L’Intelligenza Artificiale sta rapidamente facendo la sua strada nelle nostre vite, con un numero infinito di strumenti gratuiti e potenti sul mercato. Le sue applicazioni hanno avuto un impatto significativo nella medicina, nell’istruzione, nel software e persino nello sviluppo dei videogiochi. Tuttavia, la velocità con cui l’AI sta progredendo e migliorando potrebbe essere un po’ inquietante, e potremmo sottovalutare il pericolo che essa rappresenta.
Elon Musk ha condiviso le sue opinioni sull’AI fin dall’inizio e, secondo lui, c’è una possibilità del 10-20% che l’AI prenda il controllo dell’umanità.
I progressi dell’intelligenza artificiale
L’AI rappresenta uno dei maggiori progressi tecnologici degli ultimi tempi. Secondo Elon Musk, però, l’AI non sarà abbastanza potente da rappresentare un pericolo per la società prima del 2025. Tuttavia, durante l’Abundance Summit, ha affermato che “c’è una qualche possibilità che metta fine all’umanità“.
Nonostante queste previsioni cupe, Elon crede che dovremmo continuare ad esplorare e sviluppare la tecnologia dell’AI. Ritiene che la probabilità di ottenere qualcosa di buono da essa sia più importante rispetto alla remota possibilità che distrugga l’umanità. Nel peggiore dei casi, potremmo causare l’estinzione dell’intera razza umana, ma non sarebbe poi così grave.
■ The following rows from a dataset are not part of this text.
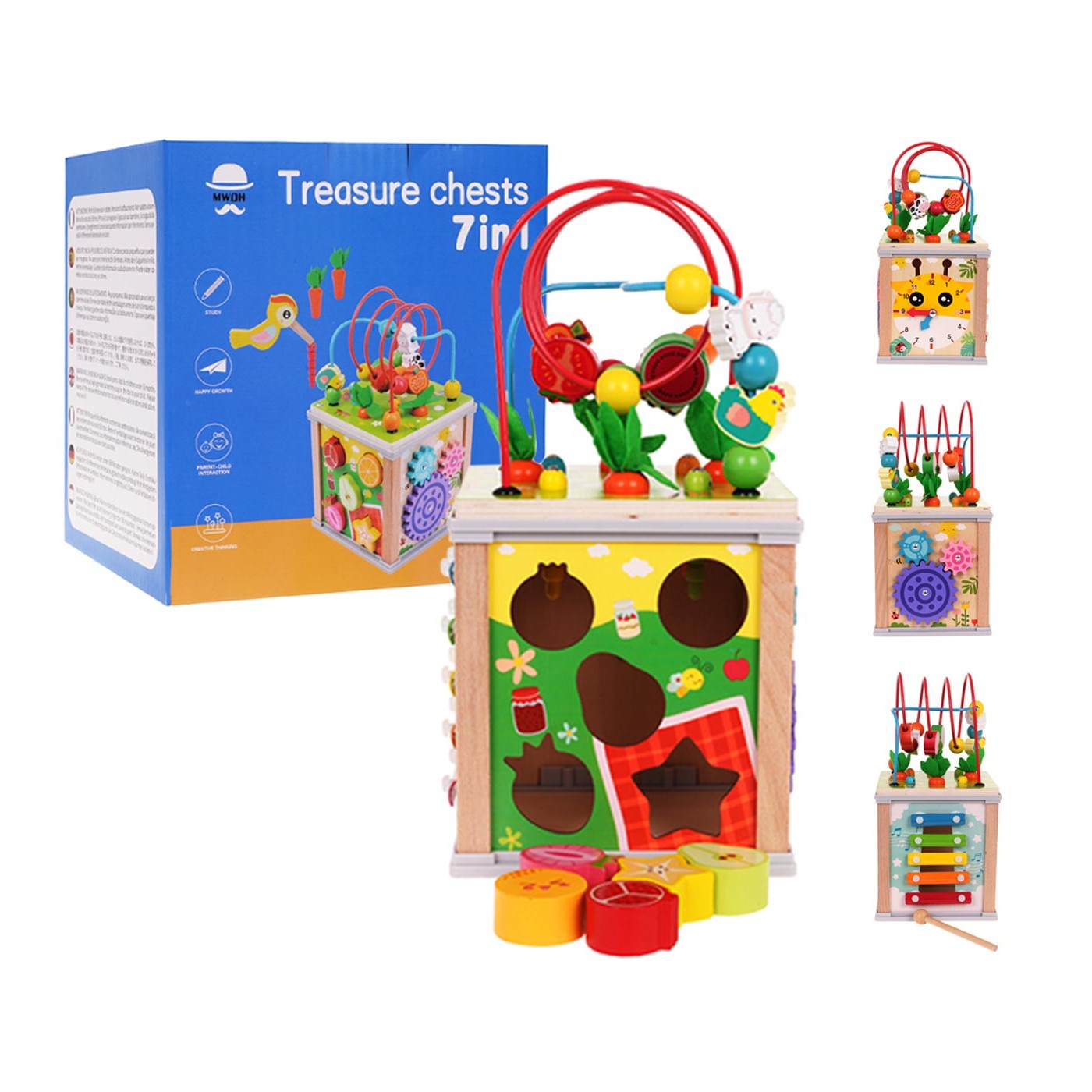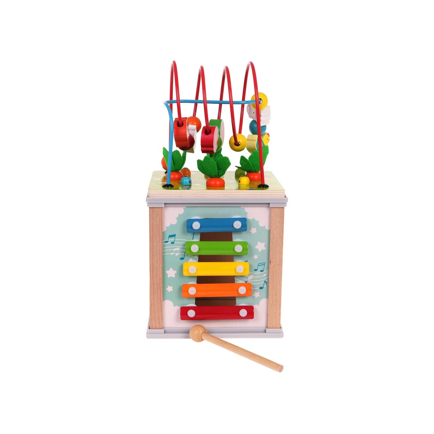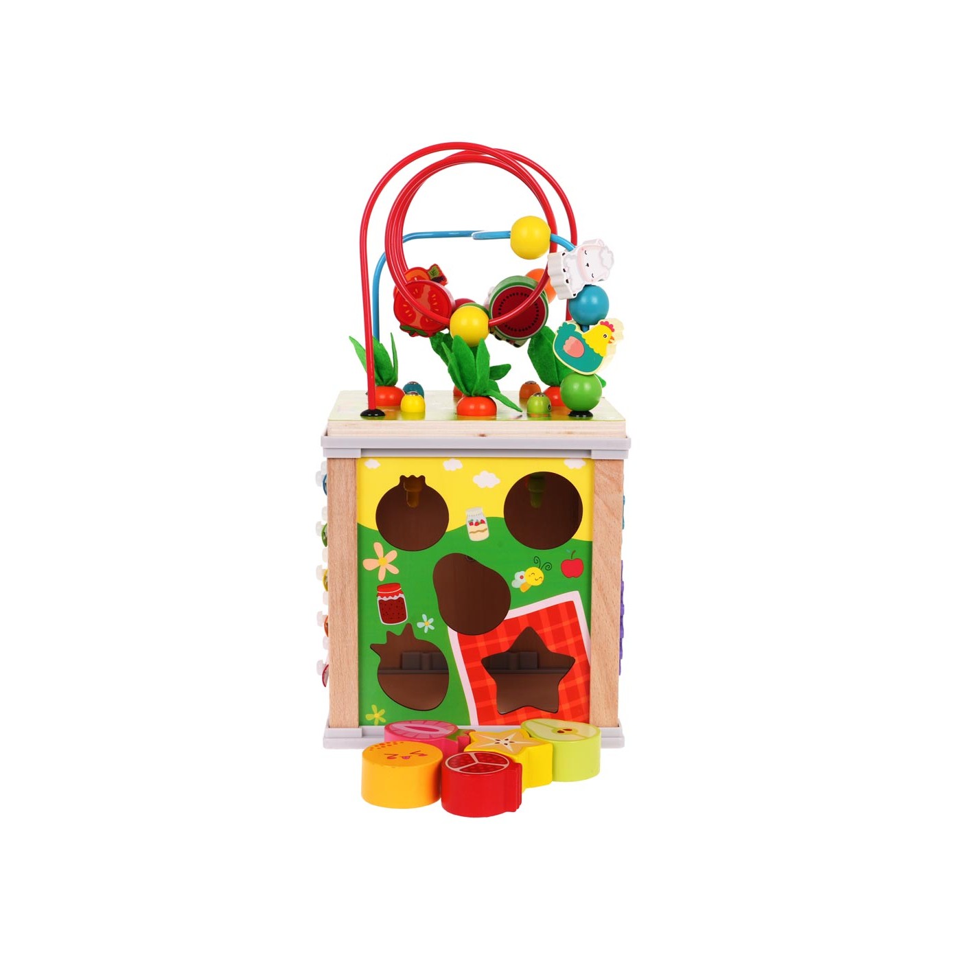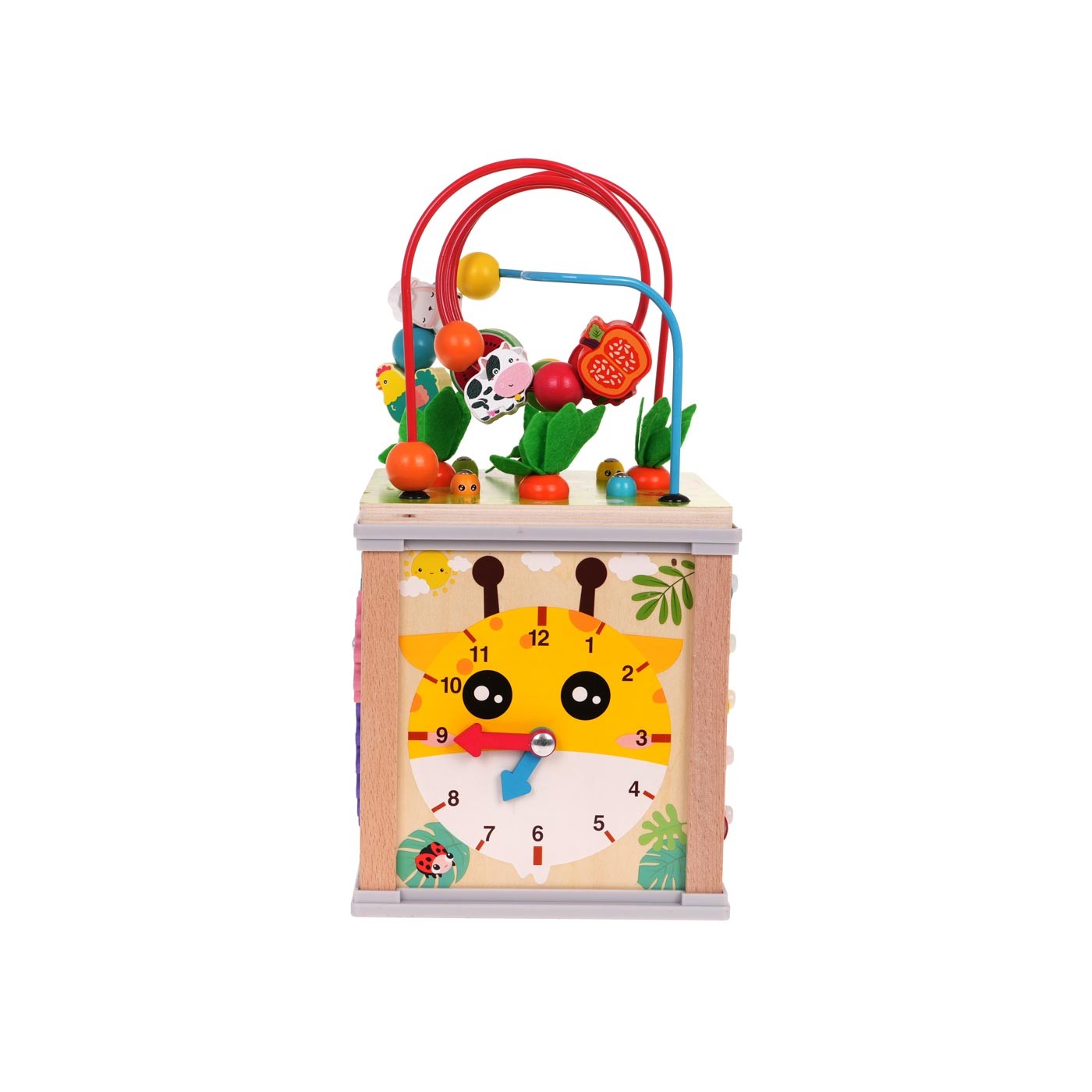 Drevená, farebná, bezpečná kocka pre deti od troch rokov. Hra s touto kockou stimuluje predstavivosť a kreativitu. Bábätko si precvičuje manuálne zručnosti a koordináciu oko-ruka a učí sa rozpoznávať farby a tvary. Drevená kocka a jej prvky sú vyrobené z kvalitného dreva, natreté nezávadnou farbou, sú trvácne a odolné voči poškodeniu, hračka vydrží roky. Kocka sa skladá zo šiestich bočných plôch. Na piatich stranách kocky sú rôzne atrakcie. Stena s hodinami
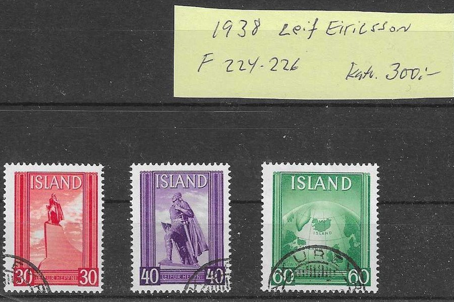 Island F 224-226 "Leif Ericsson" enligt bild. Katalogvärde 300 kr
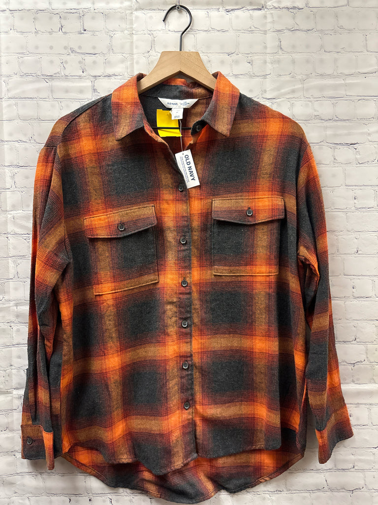 Size Medium Ladies Orange Plaid Old Navy Blouse
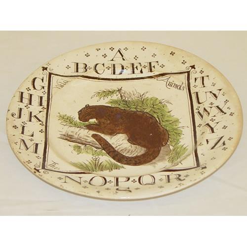 7 1/2" STAFFORDSHIRE ABC CHILDS PLATE W/ TRANSFER DECORATION OF THE ALPHABET & THE LEOPARD-WILD ANIMAL SERIES-W/ ENGLISH REGISTRY MARK & B.P. CO. - GLAZE CRAZING, STAIN, IMPERFECTIONS;

D’altro canto, il ricercatore sulla sicurezza dell’AI del Laboratorio di Sicurezza Informatica dell’Università di Louisville, Roman Yampolskiy, dipinge un quadro molto più oscuro. Secondo Yampolskiy, la stima di Elon del 10-20% è troppo conservativa e la realtà sarà molto peggiore. Egli ritiene che il rischio sia esponenzialmente più alto e si riferisce ad esso come “p(doom)”, che indica la probabilità che l’AI distrugga l’umanità.
Il parere di Elon Musk e altri esperti
Molti esperti che comprendono e credono nella possibilità di una catastrofe causata dall’AI ritengono che il rischio sia estremamente elevato. Yampolskiy ha dichiarato a Business Insider che le probabilità che l’AI ponga fine all’umanità così come la conosciamo sono del 99,999999%.
Elon Musk, insieme ad altri, ha proposto di rallentare lo sviluppo dell’AI quando GPT-4 stava per essere completato. Altrimenti, l’unica opzione è lavorare sull’AI utilizzando strumenti segregati che non possano portare alla creazione di un’Intelligenza Artificiale Generale (AGI).
L’impatto dell’intelligenza artificiale sulla società
L’AI ha già avuto un impatto significativo sulla società in diversi settori. Ad esempio, nell’ambito della medicina, l’AI può essere utilizzata per analizzare grandi quantità di dati e fornire diagnosi più precise. Nell’istruzione, l’AI può essere utilizzata per personalizzare l’apprendimento degli studenti e offrire un’istruzione su misura. Nel settore dei videogiochi, l’AI può creare personaggi virtuali più realistici e migliorare l’esperienza di gioco complessiva.
Tuttavia, mentre i benefici dell’AI sono indiscutibili, ci sono anche preoccupazioni legate al suo sviluppo. L’AI potrebbe sostituire i lavoratori umani in molti settori, causando la perdita di posti di lavoro. Inoltre, l’AI potrebbe essere utilizzata in modo improprio o dannoso, ad esempio per la creazione di armi autonome.
La visione di Elon Musk sull’intelligenza artificiale
Elon Musk ha espresso ripetutamente la sua preoccupazione per l’AI e ha cercato di sensibilizzare sulle potenziali minacce che essa potrebbe comportare. Nel 2014, ha affermato che l’AI rappresenta “il più grande rischio per l’umanità“. Nel 2015, ha cofondato OpenAI, un’organizzazione senza scopo di lucro che mira a promuovere e sviluppare l’AI in modo sicuro e responsabile.
Elon ha anche sottolineato la necessità di una regolamentazione adeguata dell’AI per garantire che vengano affrontate le sue implicazioni negative. Ha avvertito che se non si adottano misure adeguate, potremmo trovarci in una situazione in cui siamo “solo gli animali domestici degli algoritmi di intelligenza artificiale“.